> BRIEF:
Repeat the data exactly as given below, dropping every picture.

Excerpts from a dataset:
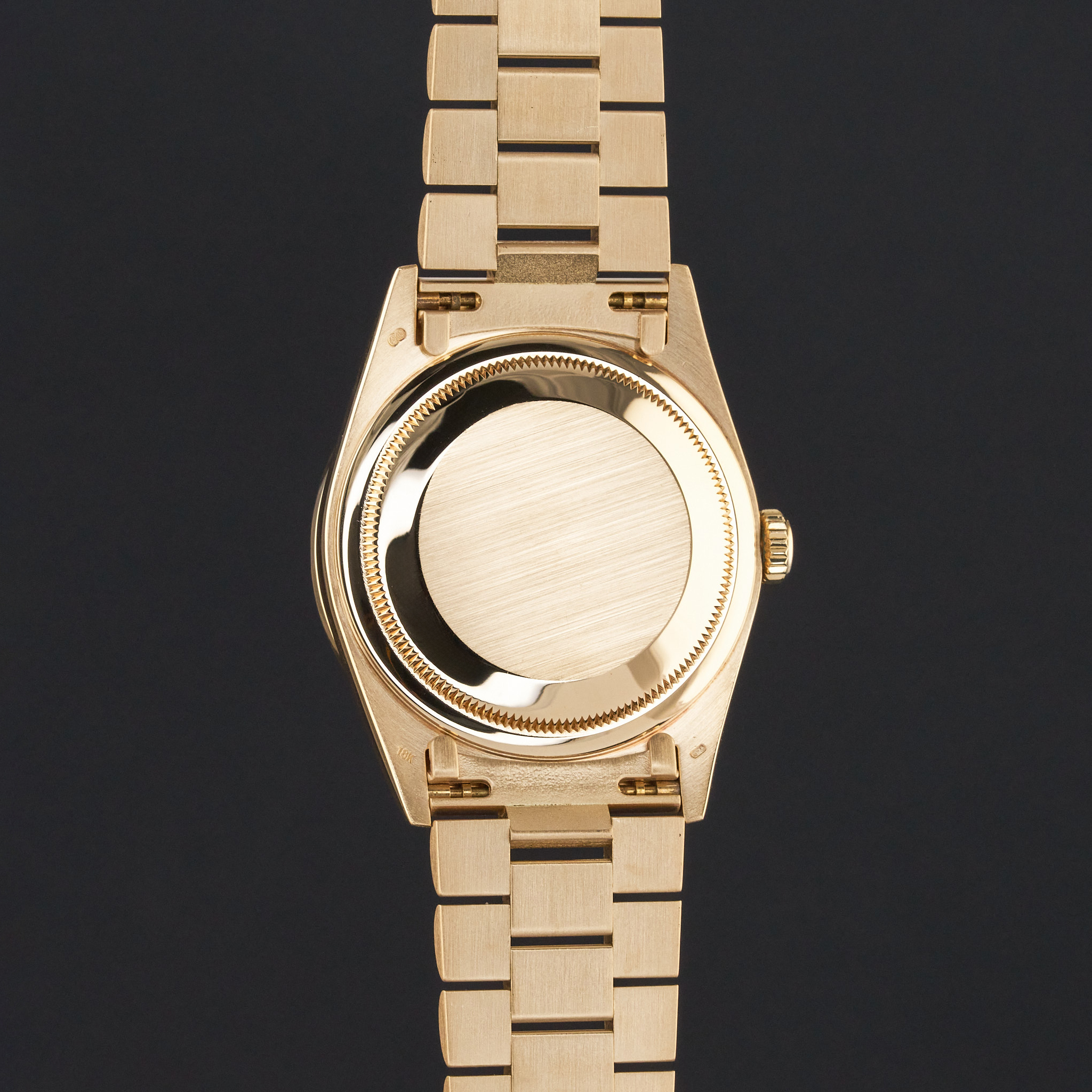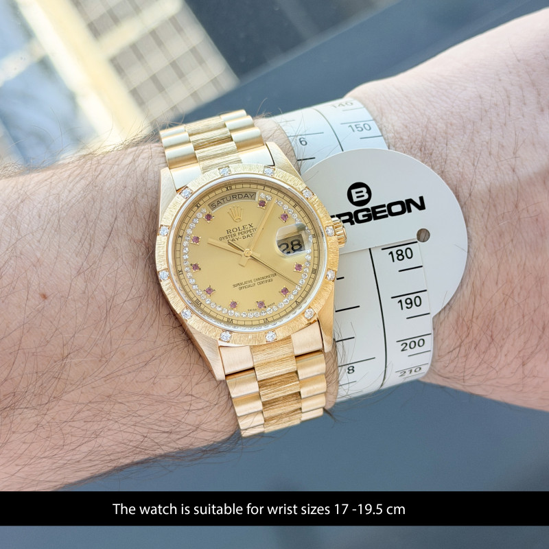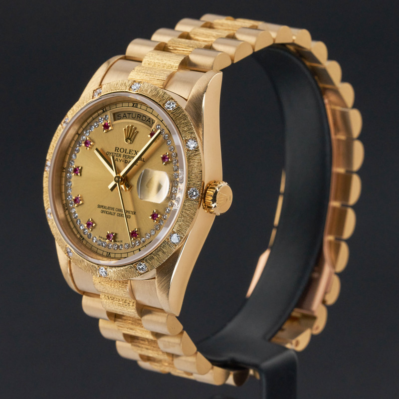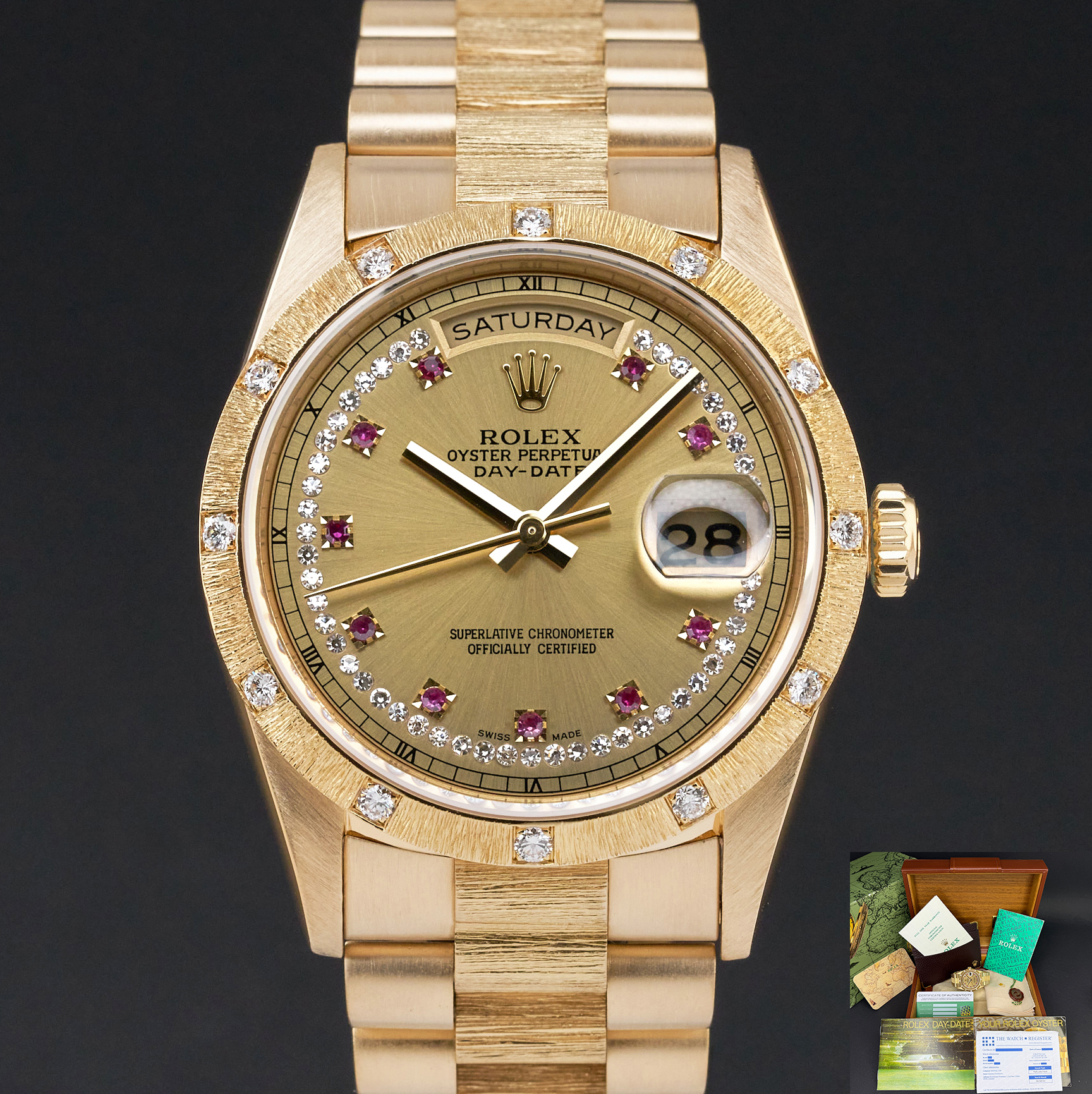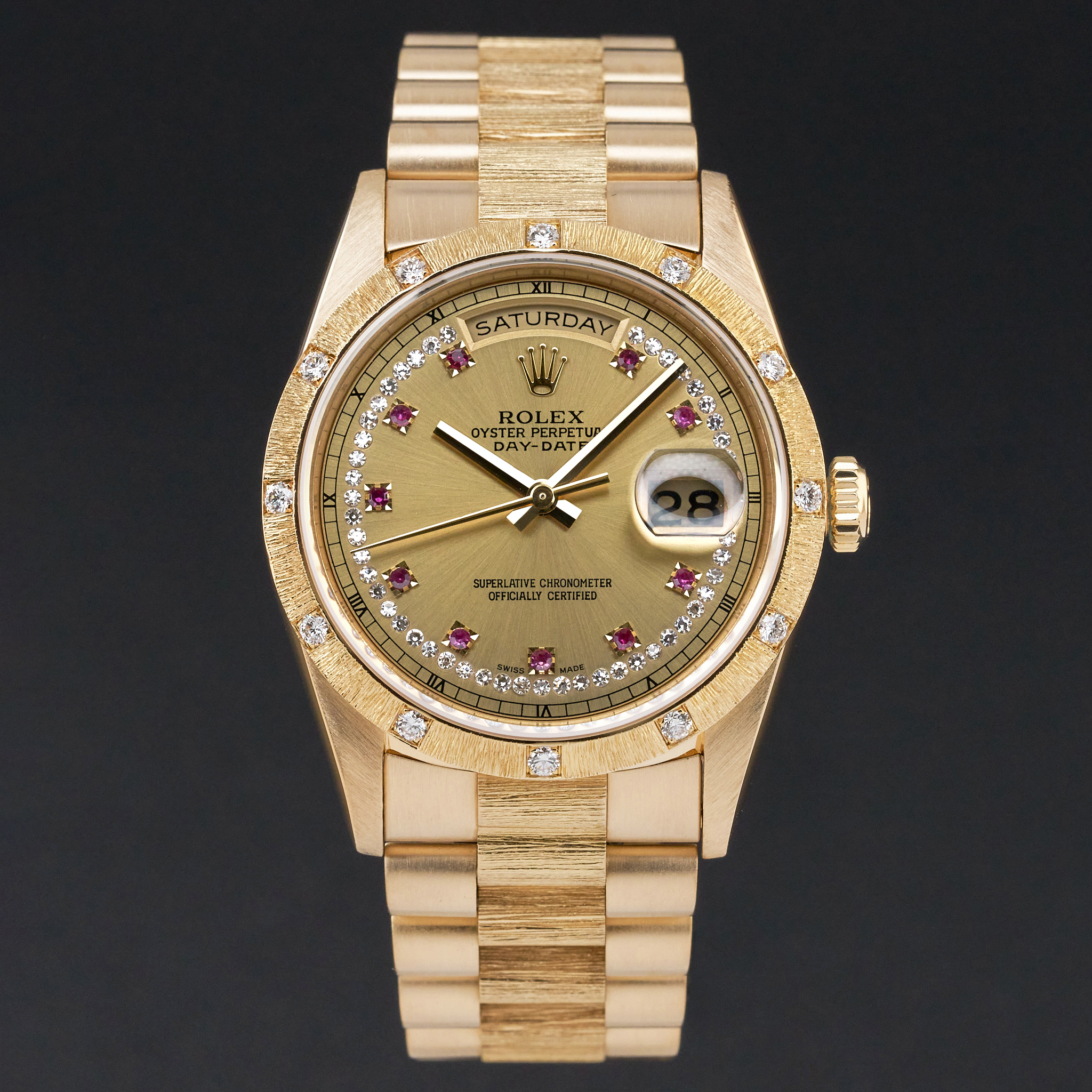 This Rolex Day-Date features a Champagne ruby diamond dial and is crafted from 18K yellow gold, with a production year of 1991.
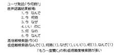 例えば、図8に示すように、ユーザの発話(発話音声)として「今何時?」がマイクロフォン14に入力され、ステップ100において信頼度が高い順に「1.今  なんで」、「2.今  何時」、「3.今  なぜ」、「4.いい  のに」、「5.何  なの」、「6.いま  なんて」の6個の候補が生成された場合には、ステップ106で所定個の候補の各々に対して形態素解析が行われて候補の各々から自立語が抽出される。なお、この場合には、例えば、「今」、「なんで」、「何時」、「なぜ」、「いい」、「何」、及び「なんて」の語が検索語(自立語)として抽出される。そして、ステップ108で検索語を含まない候補が存在しないと判定され、ステップ110で同一の検索語(自立語)毎に検索語の数が特定される。なお、この場合には、「今」の検索語の数として”4”が特定されると共に、「なんで」、「何時」、「なぜ」、「いい」、「何」、及び「なんて」の検索語の各々の数として”1”が特定される。図8の例では、図7の例と同様に、各検索語の右に位置するかっこ内の数値が特定された数を示している。そして、所定値Aを例えば、”4”とし、所定値Bを例えば”1”とした場合には、ステップ112で高信頼度検索語として「今」の検索語が特定され、ステップ114で低信頼度検索語として「なんで」、「何時」、「なぜ」、「いい」、「何」、及び「なんて」の検索語の各々が特定される。そして、ステップ116で高信頼度検索語が特定されたと判定され、ステップ120で低信頼度検索語が多数存在すると判定され、ステップ118で、ユーザに再度の発話を促すための応答内容(例えば、「もう一度お話ください」)が表示装置18及びスピーカ16から応答されるように制御される。このように、ステップ100〜116、120、118の処理によって、入力された音声を棄却する場合に、ユーザに再度の発話を促すことができ、より適切な対応を行うことができる。また、再度の発話を促されたユーザは、次は、より明確に発声するようになったり、言い方を変えてみたりするようになる。  For example, as shown in FIG. 8, “What time is it now?” Is input to the
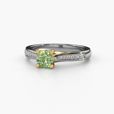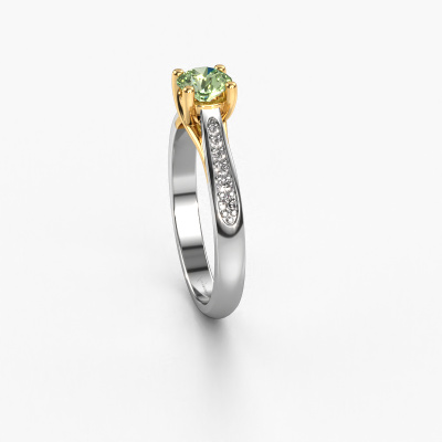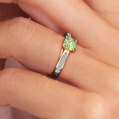 The ring shown above is called the Mia 2. We call this type of ring a pavé solitaire ring because it has one center gemstone and a band that is also pave set with gemstones. This engagement ring is made in 14 Carat white gold set with a 5 mm round green lab grown diamond, and pave set lab grown diamonds at the sides. Each piece of jewelry is made just for you, with attention to detail and design.This modern white gold pavé solitaire engagement ring has an exquisite round green lab grown diamond center stone. To further accentuate the center stone, the band is set full with more lab grown diamonds. Its open prong setting allows light to strike the green lab grown diamond from various angles and this adds sparkle to your green lab grown diamond ring. The photo shown above depicts the goldsmith's carefully handcrafted details of the ring. The high positioning of the center stone is truly eye-catching. The perfect engagement ring for the crown jewel of your life!By using our modern techniques, we can design and customize the finest quality jewels with the utmost care for you. Our engagement rings are always priced 30 percent lower than other jewelers. We make engagement rings to order so we don't have to maintain a large stock. If you have a certain budget, we are more than happy to advice you accordingly.Different styles of new rings are made daily by our team. Perhaps you have found a pavé solitaire engagement ring somewhere. One you would like to give to your loved one. Please feel free to share your thoughts and design with our jewel designers. We would love to turn your design into a modern engagement ring. You can follow the development of your ring design because we use very detailed 3D drawings. On top of that, you can order a dummy of the design. A dummy is a plastic ring, which can be shaped according your ring design. You can try it on and check if the engagement ring is up to standard. We will gladly send you a non-binding offer, based on a fair price/ quality ratio. The offer will baffle you, considering the quality of the ring and gemstones.To make it easier for you, we offer a 30 day return policy. Check our terms and conditions.
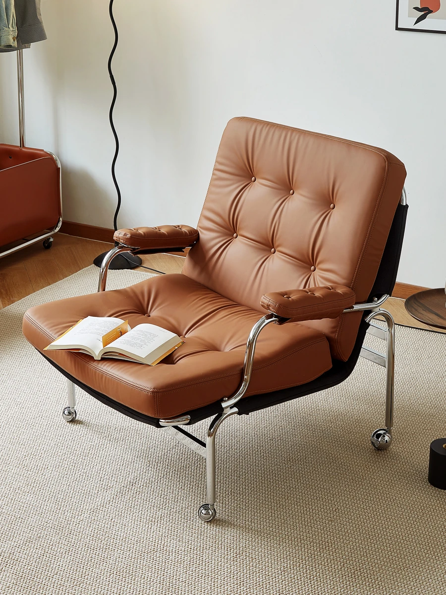 北欧デザインの一人用ソファチェア|馬革使用のスタイリッシュなリラックスチェア|寝室やバルコニーに最適|小さなスペースでも大活躍!
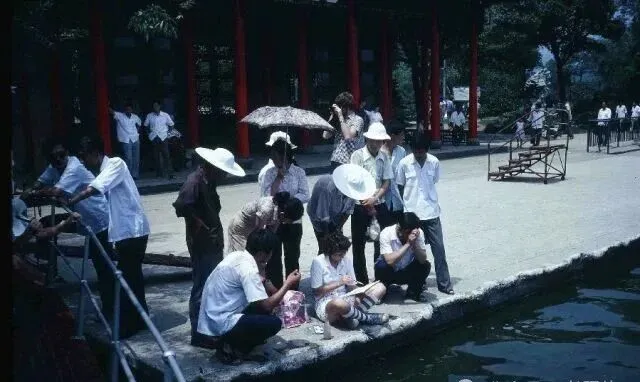 画面里的亭子叫“荷亭”,纯木头搭出来的檐角翘着,下面有人靠着柱子打盹,背后全是一池荷叶,绿得像泼出来的墨,没有鱼跃也没有喧闹,只有枝叶流动的阴影,那时候的景区没什么围栏警示,想往哪坐就往哪坐,老人们靠着亭角聊家常,小孩子捏着荷叶杆一根一根地折,赶上下雨天,亭子下更是坐满了人,个个都只盼天赶紧放晴。

> EXERCISE SOLUTION:
 This Rolex Day-Date features a Champagne ruby diamond dial and is crafted from 18K yellow gold, with a production year of 1991.
 例えば、図8に示すように、ユーザの発話(発話音声)として「今何時?」がマイクロフォン14に入力され、ステップ100において信頼度が高い順に「1.今  なんで」、「2.今  何時」、「3.今  なぜ」、「4.いい  のに」、「5.何  なの」、「6.いま  なんて」の6個の候補が生成された場合には、ステップ106で所定個の候補の各々に対して形態素解析が行われて候補の各々から自立語が抽出される。なお、この場合には、例えば、「今」、「なんで」、「何時」、「なぜ」、「いい」、「何」、及び「なんて」の語が検索語(自立語)として抽出される。そして、ステップ108で検索語を含まない候補が存在しないと判定され、ステップ110で同一の検索語(自立語)毎に検索語の数が特定される。なお、この場合には、「今」の検索語の数として”4”が特定されると共に、「なんで」、「何時」、「なぜ」、「いい」、「何」、及び「なんて」の検索語の各々の数として”1”が特定される。図8の例では、図7の例と同様に、各検索語の右に位置するかっこ内の数値が特定された数を示している。そして、所定値Aを例えば、”4”とし、所定値Bを例えば”1”とした場合には、ステップ112で高信頼度検索語として「今」の検索語が特定され、ステップ114で低信頼度検索語として「なんで」、「何時」、「なぜ」、「いい」、「何」、及び「なんて」の検索語の各々が特定される。そして、ステップ116で高信頼度検索語が特定されたと判定され、ステップ120で低信頼度検索語が多数存在すると判定され、ステップ118で、ユーザに再度の発話を促すための応答内容(例えば、「もう一度お話ください」)が表示装置18及びスピーカ16から応答されるように制御される。このように、ステップ100〜116、120、118の処理によって、入力された音声を棄却する場合に、ユーザに再度の発話を促すことができ、より適切な対応を行うことができる。また、再度の発話を促されたユーザは、次は、より明確に発声するようになったり、言い方を変えてみたりするようになる。  For example, as shown in FIG. 8, “What time is it now?” Is input to the
 The ring shown above is called the Mia 2. We call this type of ring a pavé solitaire ring because it has one center gemstone and a band that is also pave set with gemstones. This engagement ring is made in 14 Carat white gold set with a 5 mm round green lab grown diamond, and pave set lab grown diamonds at the sides. Each piece of jewelry is made just for you, with attention to detail and design.This modern white gold pavé solitaire engagement ring has an exquisite round green lab grown diamond center stone. To further accentuate the center stone, the band is set full with more lab grown diamonds. Its open prong setting allows light to strike the green lab grown diamond from various angles and this adds sparkle to your green lab grown diamond ring. The photo shown above depicts the goldsmith's carefully handcrafted details of the ring. The high positioning of the center stone is truly eye-catching. The perfect engagement ring for the crown jewel of your life!By using our modern techniques, we can design and customize the finest quality jewels with the utmost care for you. Our engagement rings are always priced 30 percent lower than other jewelers. We make engagement rings to order so we don't have to maintain a large stock. If you have a certain budget, we are more than happy to advice you accordingly.Different styles of new rings are made daily by our team. Perhaps you have found a pavé solitaire engagement ring somewhere. One you would like to give to your loved one. Please feel free to share your thoughts and design with our jewel designers. We would love to turn your design into a modern engagement ring. You can follow the development of your ring design because we use very detailed 3D drawings. On top of that, you can order a dummy of the design. A dummy is a plastic ring, which can be shaped according your ring design. You can try it on and check if the engagement ring is up to standard. We will gladly send you a non-binding offer, based on a fair price/ quality ratio. The offer will baffle you, considering the quality of the ring and gemstones.To make it easier for you, we offer a 30 day return policy. Check our terms and conditions.
 北欧デザインの一人用ソファチェア|馬革使用のスタイリッシュなリラックスチェア|寝室やバルコニーに最適|小さなスペースでも大活躍!
 画面里的亭子叫“荷亭”,纯木头搭出来的檐角翘着,下面有人靠着柱子打盹,背后全是一池荷叶,绿得像泼出来的墨,没有鱼跃也没有喧闹,只有枝叶流动的阴影,那时候的景区没什么围栏警示,想往哪坐就往哪坐,老人们靠着亭角聊家常,小孩子捏着荷叶杆一根一根地折,赶上下雨天,亭子下更是坐满了人,个个都只盼天赶紧放晴。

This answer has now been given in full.